Primary bullet point numbers relate to the twitter thread, latest figures where quoted are from last analysis on 23rd November 2017 and these figures have not been pushed to the public site yet, but any variation will be minor, but the fact we need to warn about this does highlight how the picture is changing daily. Where comparisons are around superfast broadband figures we are using the 30 Mbps and faster definition, an important note the UK 95% by end of 2017 target will be using the over 24 Mbps definition.
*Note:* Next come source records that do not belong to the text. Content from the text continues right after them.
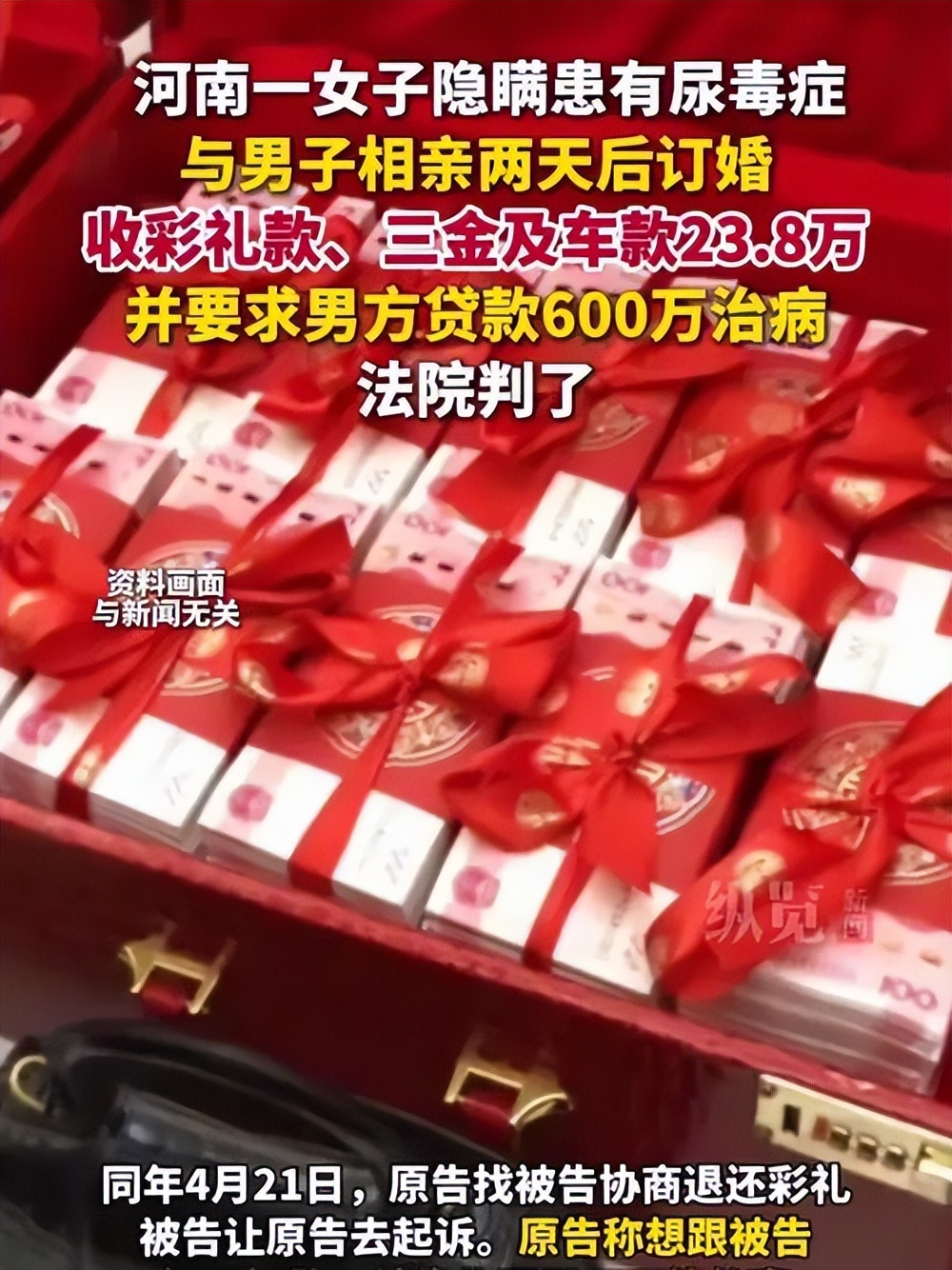 腾讯新闻《女子隐瞒患尿毒症相亲两天后订婚 彩礼纠纷引争议》
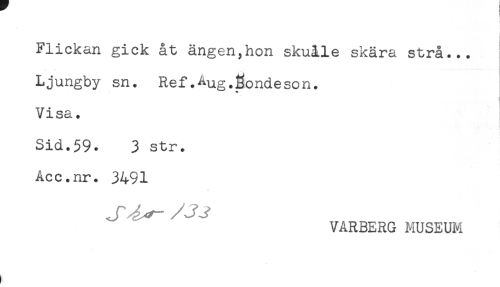 //// Flickan gick åt ängen,hon skulle skära strå... //// Ljungby sn. Ref.Aug.bondeson. //// Visa. //// Sid.59. 3 str. //// Åcc.nr. 3491 //// J ' ^ //// VARBERG MUSEUM ////
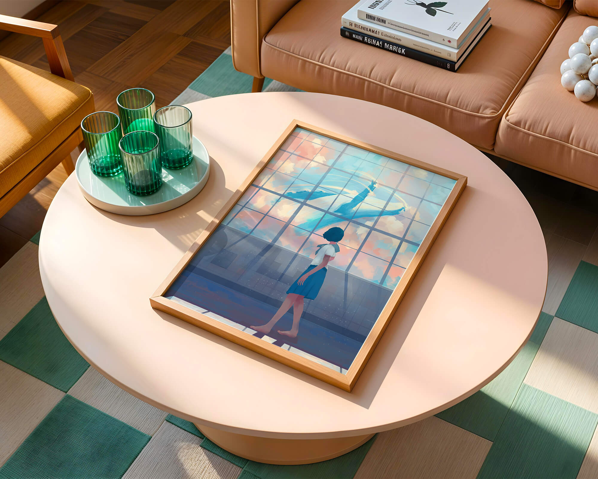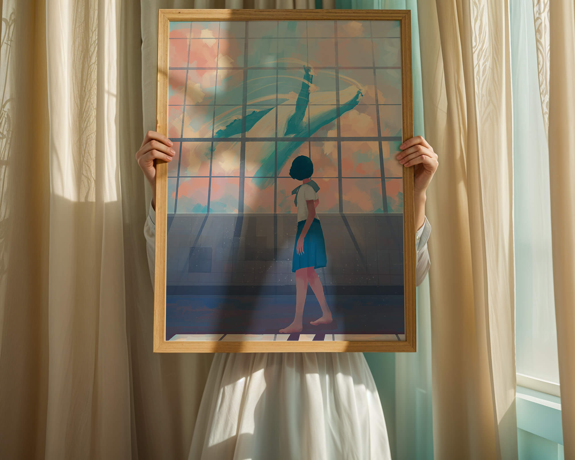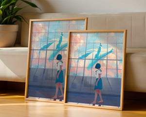 In this captivating image, a young girl dressed in a school uniform gazes in wonder at a giant whale swimming across the sky, visible through a large, grid-like window. The scene is bathed in soft pastel colors, creating a serene and dreamlike atmosphere.
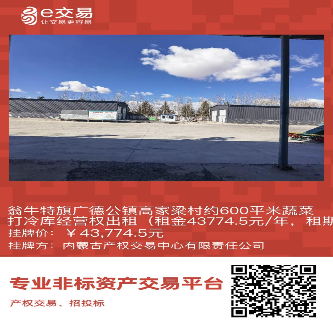 翁牛特旗廣德公鎮(zhèn)高家梁村約600平米蔬菜打冷庫經(jīng)營權出租(租金43774.5元/年,租期5年)
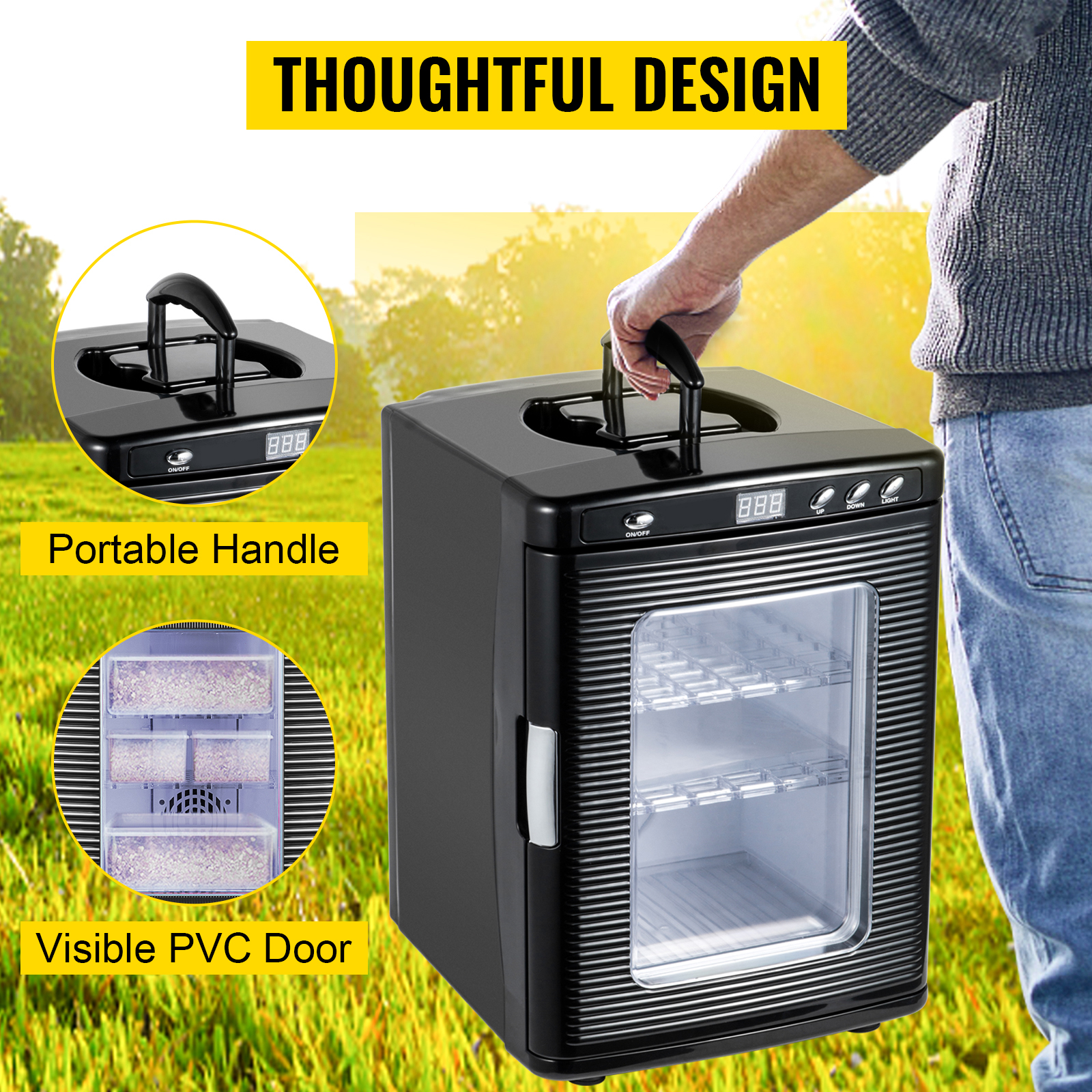 This incubator functions as both a cooler and a warmer by means of a thermoelectric system. Its interior volume is 25 L and can accept bottles and flasks up to 2 L, two removable shelves included. The incubator can accurately monitor the temperature inside and display it on the LED panel. In addition to hatching or transporting reptiles, it can also be used as a refrigerator for food or drink.
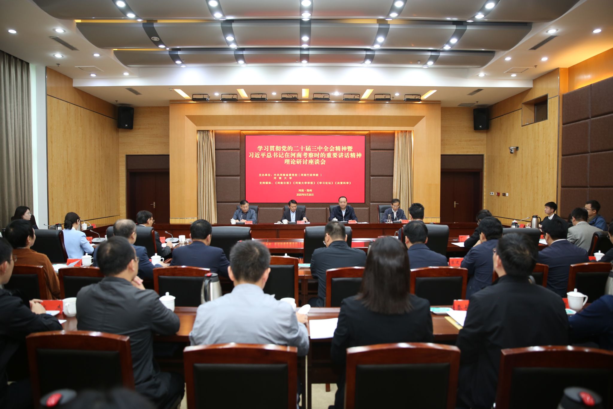 9月26日,我校与中共河南省委党校(河南行政学院)共同举办的学习贯彻党的二十届三中全会精神暨习近平总书记在河南考察时的重要讲话精神理论研讨座谈会在省委党校会议中心多功能厅召开。河南大学党委书记季波,中共河南省委党校(河南行政学院)常务副校(院)长、党组书记张涛出席并致辞,河南大学党委副书记李平出席,中共河南省委党校(河南行政学院)校务委员、党组成员李剑力主持座谈会。

  1. The 95% fibre based target, has been a source of confusion for some years and was covered in detail back in October. So based on two most likely definitions the standings are as follows:

  • If fibre based means any speed with VDSL2/FTTP/cable then the four nations are England 97.2%, Scotland 96.1%, Wales  96.1% and Northern Ireland 98.5%
  • If fibre based means VDSL2/FTTP/cable at speeds above 15 Mbps then it is England 97%, Scotland 94.2%, Wales 94.7%, Nothern Ireland 88.4%
  1. The Digital Scotland project was established and we covered the financial split back in 2013, when the Westminster contribution was said to be £50m, though we are not totally sure if that is £50 across the whole of Scotland or the Rest of Scotland project area in the news item. As with English local authorities the funding from Westminster was expected to be at least match funded.
  2. The most recent published Ofcom State of the Nations report is from December 2016 and is talking about the coverage levels based on data from broadband providers given in April 2016. The latest report is due any day now and is expected to be a summary of where the position was in April 2017. We look at the change for the four nations in the last 12 months.
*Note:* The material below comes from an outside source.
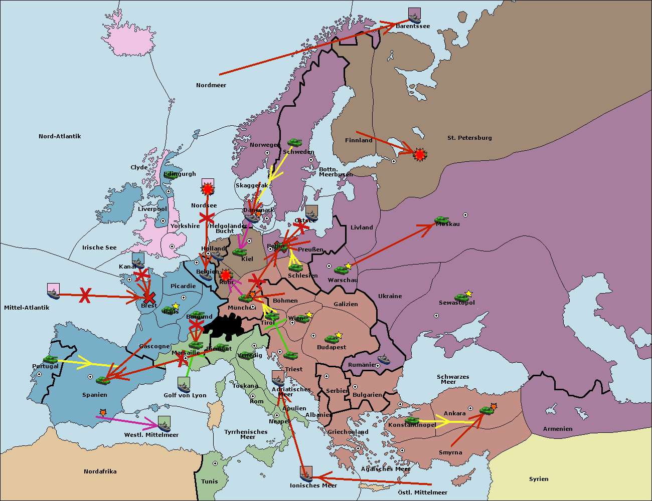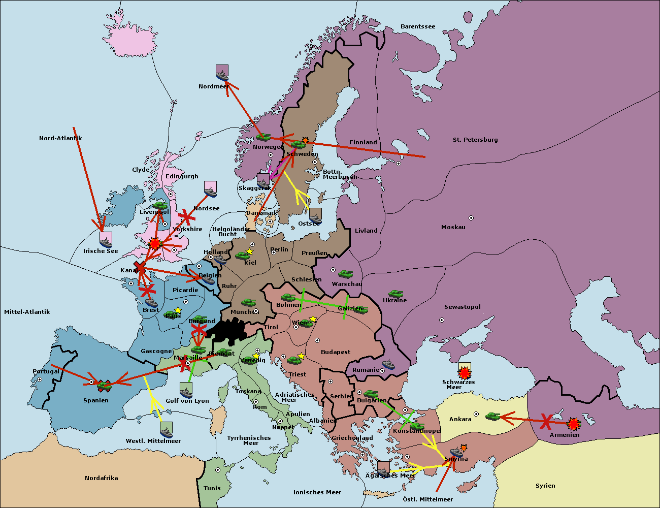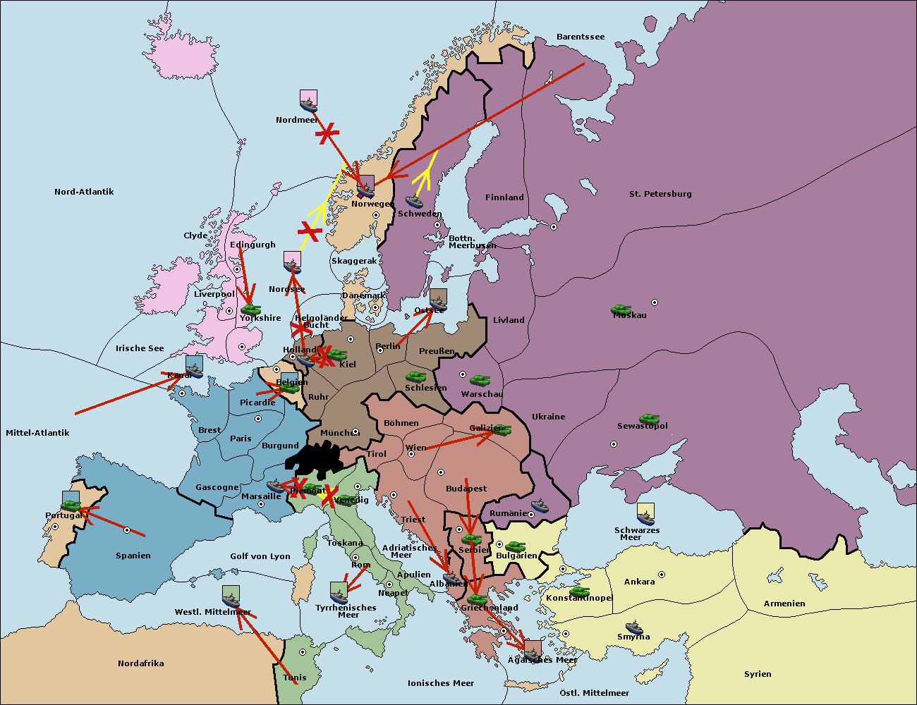 • Die Flotte in St. Petersburg (Nordküste) move nach Norwegen.

  • England change in fibre based (any speed) since Nov 2016 +1.6 percentage points
  • Scotland change in fibre based (any speed) since Nov 2016 +4.4 percentage points
  • Wales change in fibre based (any speed) since Nov 2016 +2.3 percentage points
  • Northern Ireland change in fibre based (any speed) since Nov 2016 +1.1 percentage points
  • England change in superfast broadband since Nov 2016 +2.1 percentage points
  • Scotland change in superfast broadband since Nov 2016 +5 percentage points
  • Wales change in superfast broadband since Nov 2016 +3.5 percentage points
  • Northern Ireland change in superfast broadband since Nov 2016 +8.9 percentage points
  1. This change is a lot smaller than the First Minister is talking about but the pace of change in Scotland is high, but if we compare fibre based coverage between April 2016 and April 2015, i.e. line up with last public Ofcom reports we have a change of 10.3% in the fibre based figure. This period coincides with when the larger VDSL2 cabinets were being rolled out and thus the pace was higher, which is visible when you view our historical trend charts.
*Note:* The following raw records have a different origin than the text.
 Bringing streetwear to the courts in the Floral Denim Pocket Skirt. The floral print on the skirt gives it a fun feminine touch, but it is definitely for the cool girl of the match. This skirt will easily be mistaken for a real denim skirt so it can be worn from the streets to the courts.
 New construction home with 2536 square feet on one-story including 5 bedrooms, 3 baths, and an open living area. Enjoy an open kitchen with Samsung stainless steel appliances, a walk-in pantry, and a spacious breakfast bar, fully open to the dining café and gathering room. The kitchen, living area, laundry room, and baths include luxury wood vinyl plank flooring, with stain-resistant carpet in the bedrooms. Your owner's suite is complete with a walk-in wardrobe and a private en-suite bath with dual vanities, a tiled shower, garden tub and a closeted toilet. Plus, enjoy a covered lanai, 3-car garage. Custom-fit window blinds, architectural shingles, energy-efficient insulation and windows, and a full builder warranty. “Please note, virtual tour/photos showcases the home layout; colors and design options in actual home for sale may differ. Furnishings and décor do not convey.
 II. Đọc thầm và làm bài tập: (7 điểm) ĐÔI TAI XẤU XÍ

  2. The stated R100 aim in Scotland is 100% superfast broadband coverage by 2021, so in terms of delivery compared to the 10 Mbps USO yes it should give better results, but as with the USO where actual delivery has not been finalised in terms of who does it, who pays and what technology there are questions around the R100 project to the same extent.
  3. To add to point 4, the real concerns for those who may fall within either the R100 project or the broadband USO is the exact timescales since waiting another couple of years if your broadband is already inadequate is incredibly frustrating and how much of either project will rely on satellite broadband which while it works still carries a significant performance difference between decent fixed line or fixed wireless broadband access. Or put another way, for those that can get ADSL at speeds of 4 to 5 Mbps many are likely to retain that rather than upgrade solely to a superfast satellite connection.
  4. The First Minister states 'work to do', and similar phrasing can be heard from Westminster and we would add that with the new push towards full fibre even if an area reaches 100% superfast coverage pressure will soon mount for further improvements to avoid the perception gap with those areas where full fibre is available.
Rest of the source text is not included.